Já postei no blog sobre a minha infância, e das minhas irmãs, a bordo dos navios superpetroleiros que meu pai chefiava, só faltando acrescentar que na época, dos meus 06 aos 15 anos, fazíamos a rota Oriente e Oriente médio.
Esse trajeto aumentava, e muito, a magnitude da experiência, porque, convenhamos, há 28 anos (putz to ficando velha) o Brasil ainda vivia numa era pré-histórica, enquanto os nossos amigos de olhos puxados davam os primeiros passos rumo a tecnologia que vivenciamos hoje.
Imagine o que era para uma criança, do meu querido subúrbio do Rio de Janeiro, em meados da década de 80, “desembarcar” numa Tóquio cheia de neóns, arranha-céus, máquinas - tipos essas da coca-cola - que vendiam tudo o que você puder imaginar, (jornais, literalmente todo tipo de comida, bebida, biscoito, brinquedo), e ainda, trens-bala, jardins perfeitos, além da educação e limpeza ímpares nas ruas, quando ainda nem se falava em preservação ambiental.

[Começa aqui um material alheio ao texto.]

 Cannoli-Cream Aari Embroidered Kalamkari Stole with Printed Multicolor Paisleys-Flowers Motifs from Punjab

Já se fazem algumas semanas que o tsunami devastou algumas cidades do meu querido japão, e como esse blog está recem-saído do forno, não poderia deixar de postar minhas melhores lembranças, assim como todo meu respeito e admiração pelo povo nipônico.

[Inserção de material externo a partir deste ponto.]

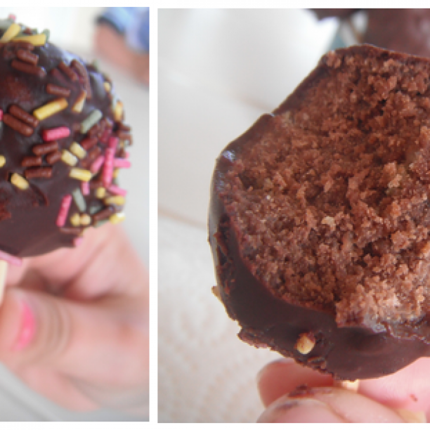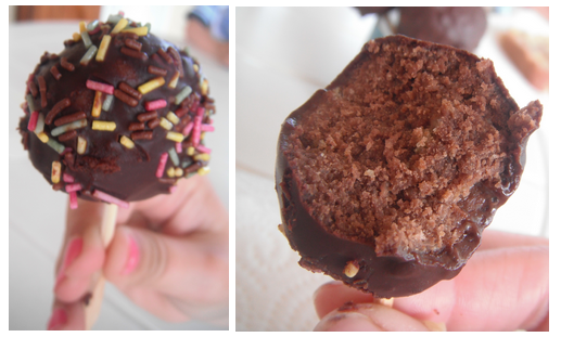 Melt the chocolate in the microwave for 30 seconds then dip the cake pops to coat with chocolate. Decorate as desired with sprinkles by color.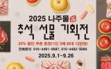 전라남도 클릭뉴스2025. 09.03[클릭뉴스]전라남도 나주시가 지역 농특산물 온라인 쇼핑몰 ‘나주몰’을 통해 추석을 맞아 전 품목 20% 할인 특판전을 열고 전국 소비자에게 믿을 수 있는 나주 농특산물을 합리적인 가격에 제공한다. 나주시는 오는 9월 26일까지 ‘2025 나주몰 추석 명절 특판전’을 열고 나주배, 배즙, 쌀, 홍어, 한우 등 대표 농특산물을 포함한 전 품목을 20% 할인한다고 3일 밝혔다. 행사 기간 중 1인당 최대 12만 원(할인쿠폰 3매)까지 혜택받을 수 있다. 특히 ‘천년이음 나주배’는 추석 명절 선물용으로 손꼽히고 있다. 품위, 당도,…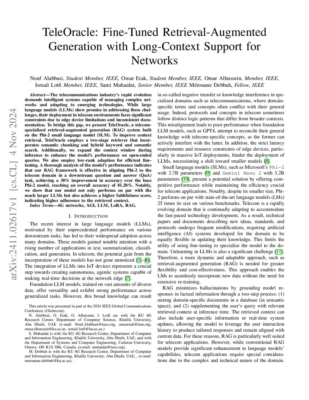 TeleOracle: Fine-Tuned Retrieval-Augmented Generation with Long-Context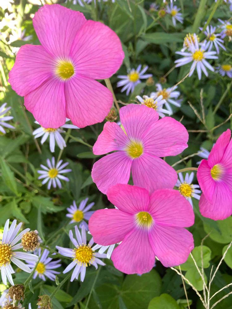 オキザリスのピンクに紫のノコンギクが可愛いですね💜❤️💓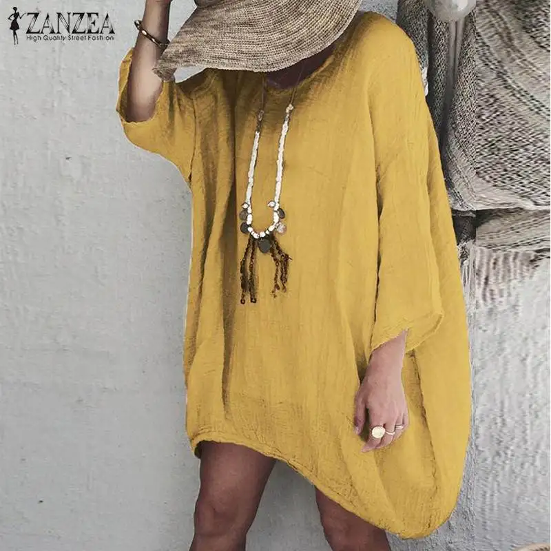 Летние топы женские Мини-туника, платье 2019 ZANZEA кафтан 3/4 рукав Сандерс Твердые мешковатые Vestidos женские длинные рубашки работы Blusas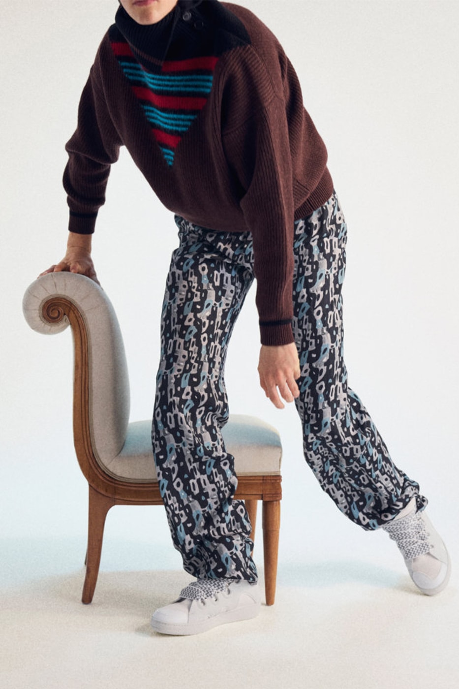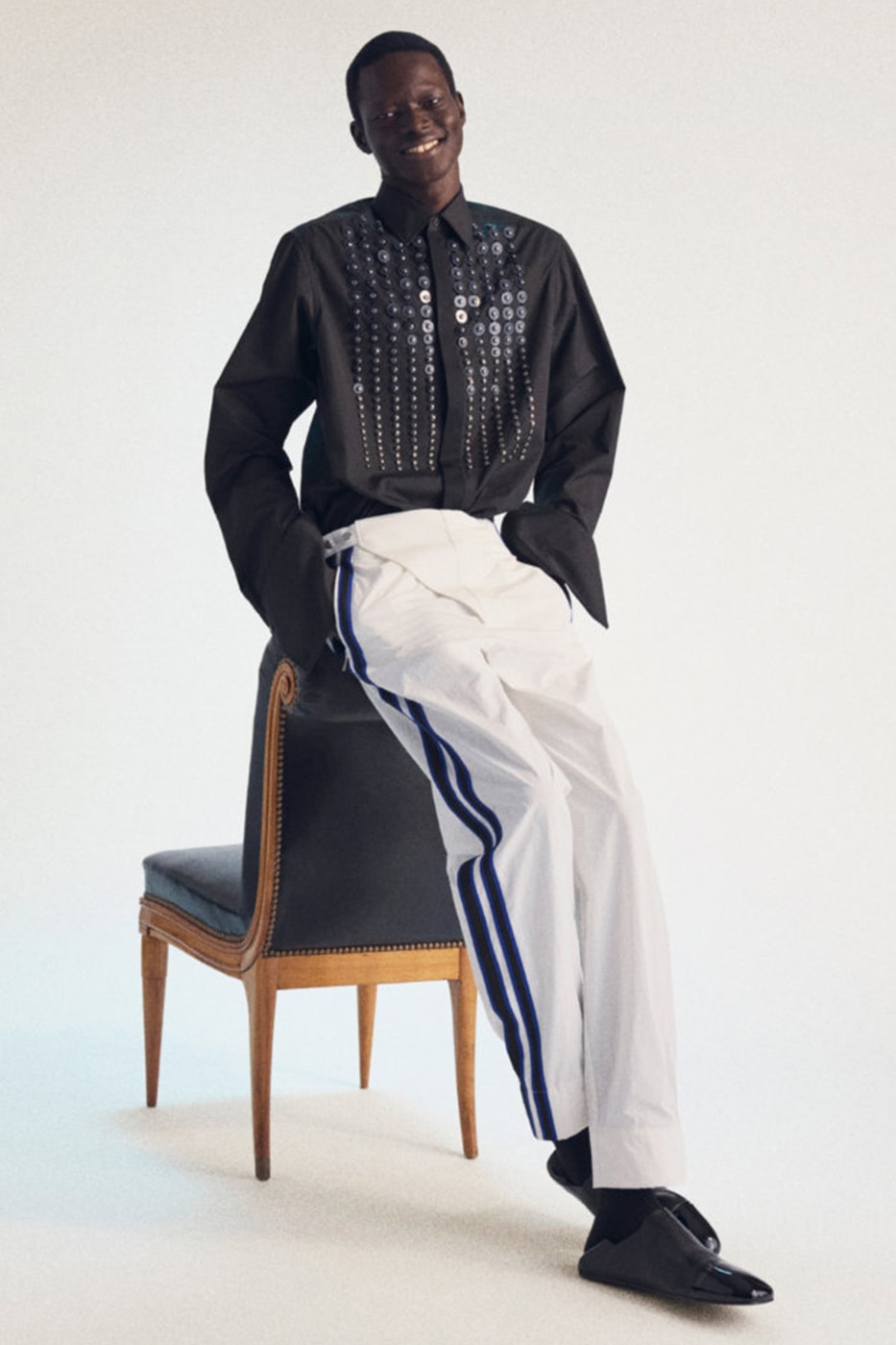 Особливий шарм колекції надають фігурні венеціанські тканини з архівів Lanvin, відтворені сучасними майстрами Bevilacqua для джинсування та робочих жакетів.

Sendo assim, não se assuste, por mais egoísta que pareça, passo a relatar o fato que mais marcou a minha infância no Japão, que foi o episódio do OKONOMIYAKI¹ perdido, ou melhor, não comido.
Pois bem, todo viajante sabe que não há iguaria melhor do que a original, ou seja, a made in, a do lugar em que você esteja, seja Paris, Roma, Tóquio ou Bangladesh.
Imagine a cena, estávamos, um grupo grande, num delicioso restaurante, na companhia do famigerado Senhor papa-tudo, que não convém dizer o nome por educação, e pedimos cada um o seu prato.
Para meu desespero, tratava-se de um restaurante com brinquedoteca (sim, naquela época, ja existia no Japão), não resisti e parti para o meu mundo encantado de games, não antes de fazer meu pedido: um Okonomiyaki no capricho.
O tempo passa, as crianças brincam, os adultos se distraem, e escuto bem de longe:
- caramba, o trem já vai sair!!! Vamos embora!
Volto correndo pensando, tudo bem, não comi, embrulho e levo para viagem.
Me aproximo da mesa, ainda a tempo de ver minha refeição ser totalmente abocanhada, restando somente migalhas, daquelas que meu pai diz, não dariam nem pra preencher o buraco do dente.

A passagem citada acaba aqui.